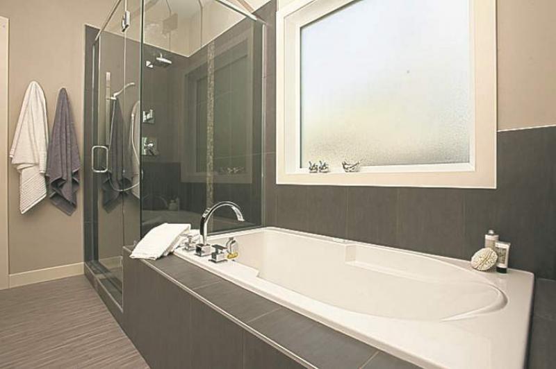 "We wanted it to have a bit of a spa look, so there's plenty of space, plus an air-jet tub (set in grey tile beneath a big obscured-glass window) and shower with tempered-glass front and grey tile surround with river-rock accents that were carried down to the floor," she said. "There's a floating portobello vanity, and the floor is a high-end grey vinyl with a bamboo look that matches all the colours perfectly. It's a very private, relaxing space."
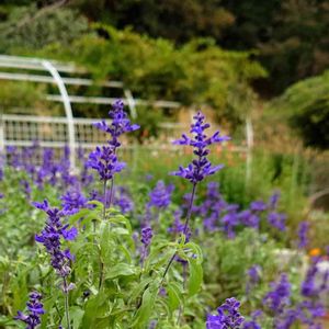 ブルーサルビア 種類はよく分かりませんが 紅葉🍁途中を背景に たくさん咲いていました❗👍☺️
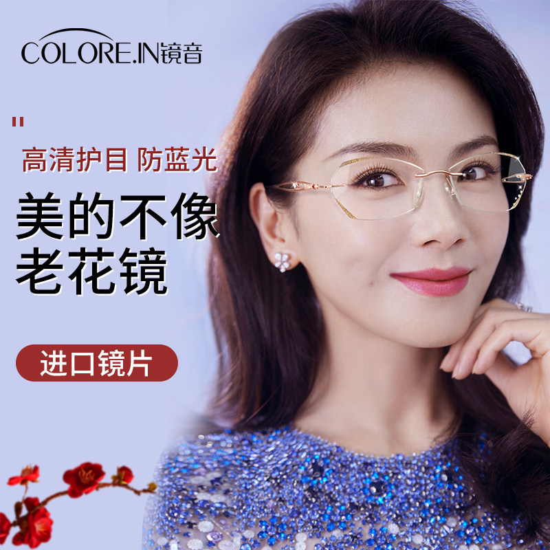 券 5元销量100无框切边老花镜女款时尚超轻高清高档正品品牌防蓝光中老年人眼镜
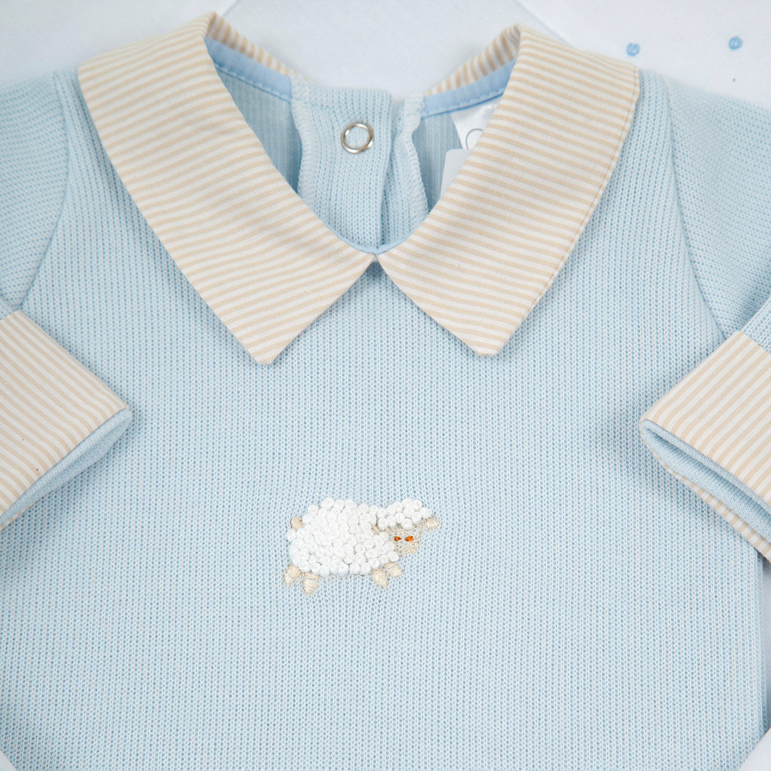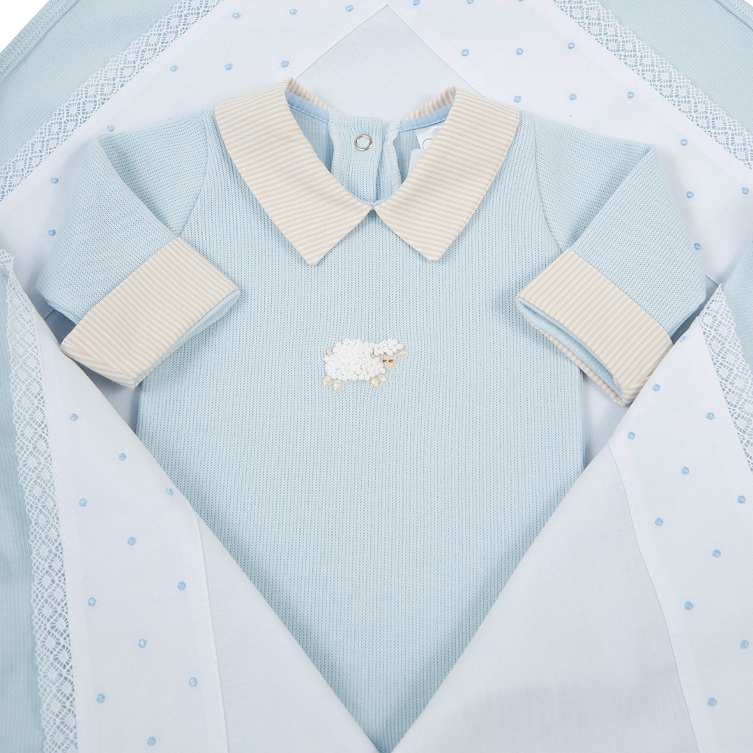 A Saída Maternidade Ovelha, na delicada combinação de azul e branco, é composta por 5 peças essenciais para os primeiros dias do seu bebê:
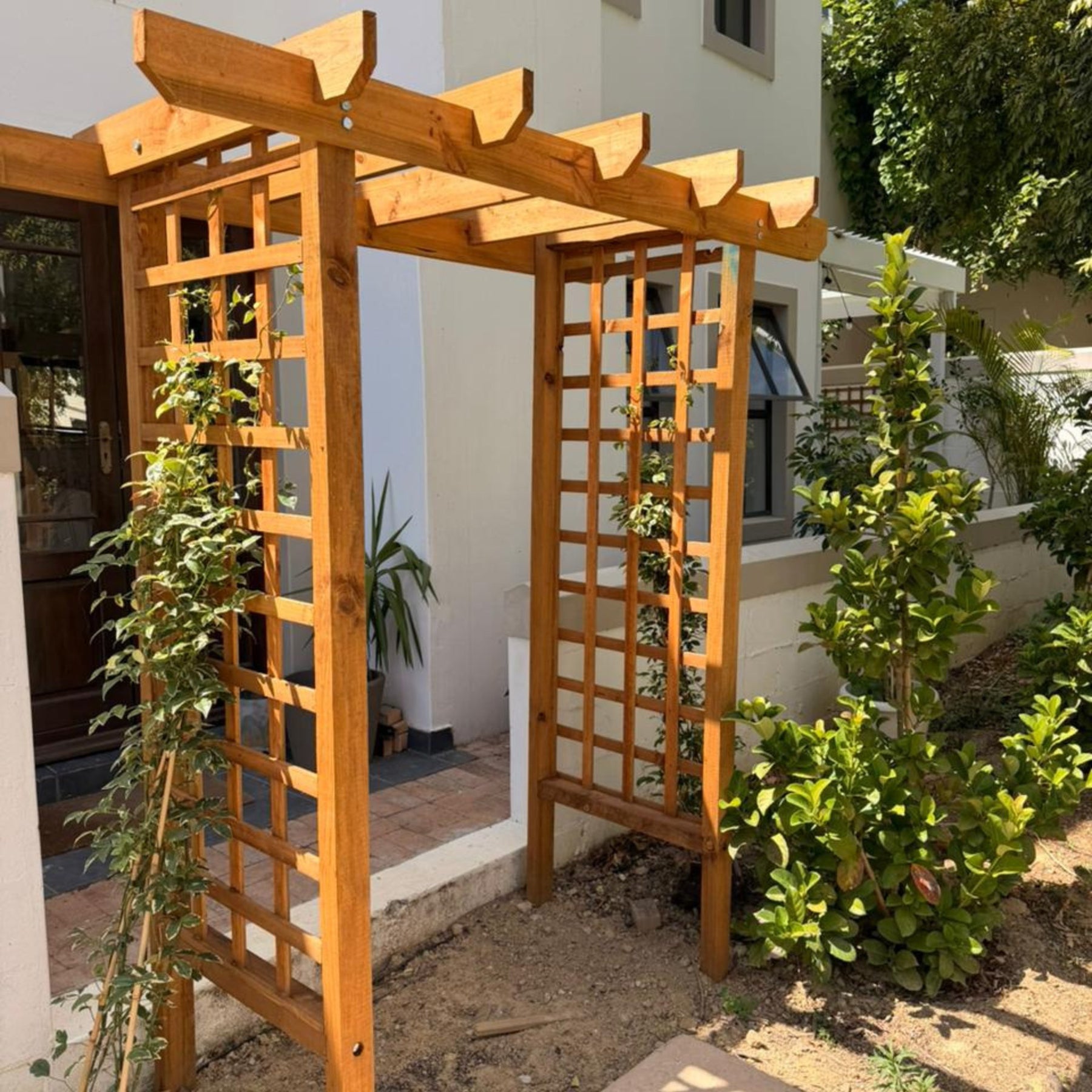 Position the trellis against a wall, fence, or in a garden bed. Secure firmly into the soil or attach to a structure for stability. Train climbing plants by gently tying stems to the trellis as they grow. Ideal for bougainvilleas, jasmine, beans, peas, and other climbers.
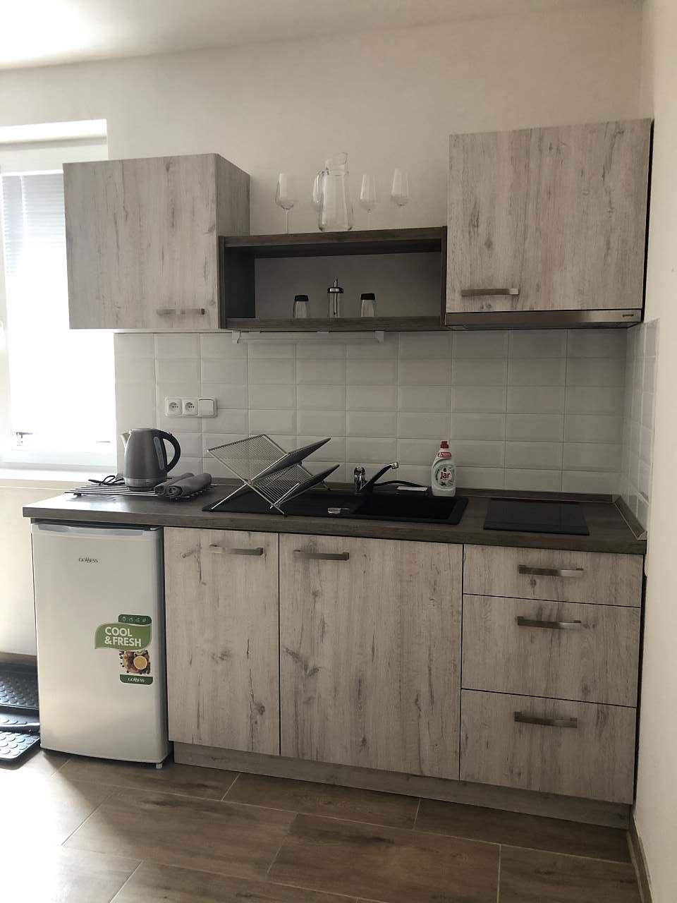 Pokoj s manželskou postelí,samostatné sociální zařízení,plně vybavená kuchyň

Instructions to follow » Leave the pictures out and reproduce each record exactly as written.

Answer space »
 "We wanted it to have a bit of a spa look, so there's plenty of space, plus an air-jet tub (set in grey tile beneath a big obscured-glass window) and shower with tempered-glass front and grey tile surround with river-rock accents that were carried down to the floor," she said. "There's a floating portobello vanity, and the floor is a high-end grey vinyl with a bamboo look that matches all the colours perfectly. It's a very private, relaxing space."
 ブルーサルビア 種類はよく分かりませんが 紅葉🍁途中を背景に たくさん咲いていました❗👍☺️
 券 5元销量100无框切边老花镜女款时尚超轻高清高档正品品牌防蓝光中老年人眼镜
 A Saída Maternidade Ovelha, na delicada combinação de azul e branco, é composta por 5 peças essenciais para os primeiros dias do seu bebê:
 Position the trellis against a wall, fence, or in a garden bed. Secure firmly into the soil or attach to a structure for stability. Train climbing plants by gently tying stems to the trellis as they grow. Ideal for bougainvilleas, jasmine, beans, peas, and other climbers.
 Pokoj s manželskou postelí,samostatné sociální zařízení,plně vybavená kuchyň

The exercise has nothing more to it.